Overexpression of ornithine decarboxylase 1 mediates the immune-deserted microenvironment and poor prognosis in diffuse large B-cell lymphoma

Affiliations

Overexpression of ornithine decarboxylase 1 mediates the immune-deserted microenvironment and poor prognosis in diffuse large B-cell lymphoma

Xiaojie Liang et al. J Natl Cancer Cent. .

Abstract

Background: Previous researches mainly focused on whether cancer stem cells exist in diffuse large B-cell lymphoma (DLBCL). However, subgroups with dismal prognosis and stem cell-like characteristics have been overlooked.

Methods: Using large scale data (n = 2133), we conducted machine learning algorithms to identify a high risk DLBCL subgroup with stem cell-like features, and then investigated the potential mechanisms in shaping this subgroup using transcriptome, genome and single-cell RNA-seq data, and in vitro experiments.

Results: We identified a high-risk subgroup (25.6 % of DLBCL) with stem cell-like characteristics and dismal prognosis. This high-risk group (HRG) was featured by upregulation of key enzyme (ODC1) in polyamine metabolism and cold tumor microenvironment (TME), and had a poor prognosis with lower 3-year overall survival (OS) (54.3 % vs. 83.6 %, P < 0.0001) and progression-free survival (PFS) (42.8 % vs. 74.7 %, P < 0.0001) rates compared to the low-risk group.

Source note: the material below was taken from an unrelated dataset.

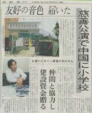 昨日の新聞で知ったのですが、札響バイオリン奏者の石川さんがチャリティーコンサートの売上金で、中国雲南省の貧しい村に小学校を建てました。石川さんは中国から来た人で、中国中央歌劇院のコンサートマスターをしていた人です。雲南省の小学校は水害で校舎が崩壊したままだったそうで、石川さんの寄付金が再建費用の75%を占めたそうです。
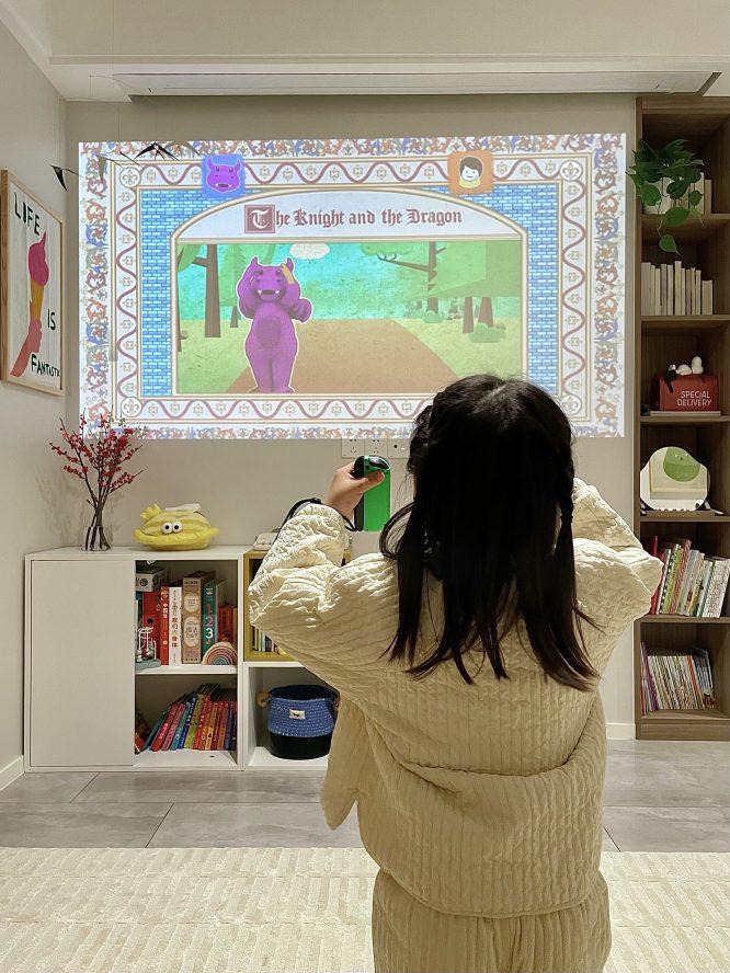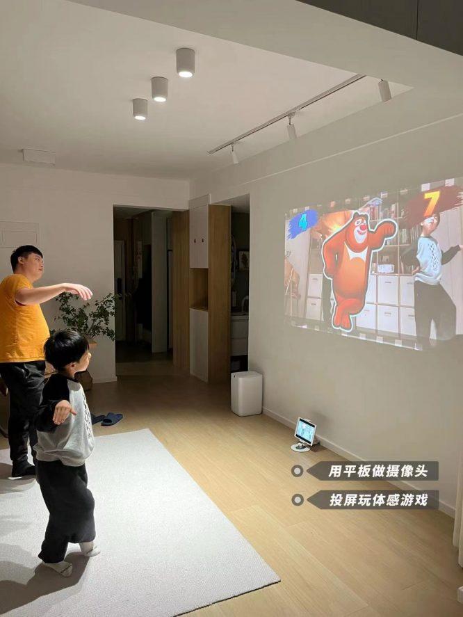 虽然AI运动APP在各个应用市场上都可以下载到手机中,但是实际体验起来,却似乎没有想象中那么愉快。手机放置地上容易倒,家长帮忙举着手又酸,而且由于使用时需要照到全身,所以孩子需要站远一点,但同时屏幕也更容易看不清。一些家长灵机一动,不如添置一台投影仪吧!屏幕够大,孩子沉浸感强,运动起来也更投入。

HRG also exhibited malignant proliferative phenotypes similar to Burkitt lymphoma. Patients with MYC rearrangement, double-hit, double-expressors, or complete remission might have either favorable or poor prognosis, which could be further distinguished by our risk stratification model. Genomic analysis revealed widespread copy number losses in the chemokine and interferon coding regions 8p23.1 and 9p21.3 in HRG. We identified ODC1 as a therapeutic vulnerability for HRG-DLBCL. Single-cell analysis and in vitro experiments demonstrated that ODC1 overexpression enhanced DLBCL cell proliferation and drove macrophage polarization towards the M2 phenotype. Conversely, ODC1 inhibition reduced DLBCL cell proliferation, induced cell cycle arrest and apoptosis, and promoted macrophage polarization towards the M1 phenotype. Finally, we developed a comprehensive database of DLBCL for clinical application.

Conclusions: Our study effectively advances the precise risk stratification of DLBCL and reveals that ODC1 and immune-deserted microenvironment jointly shape a group of DLBCL patients with stem cell-like features. Targeting ODC1 regulates immunotherapies in DLBCL, offering new insights for DLBCL treatment.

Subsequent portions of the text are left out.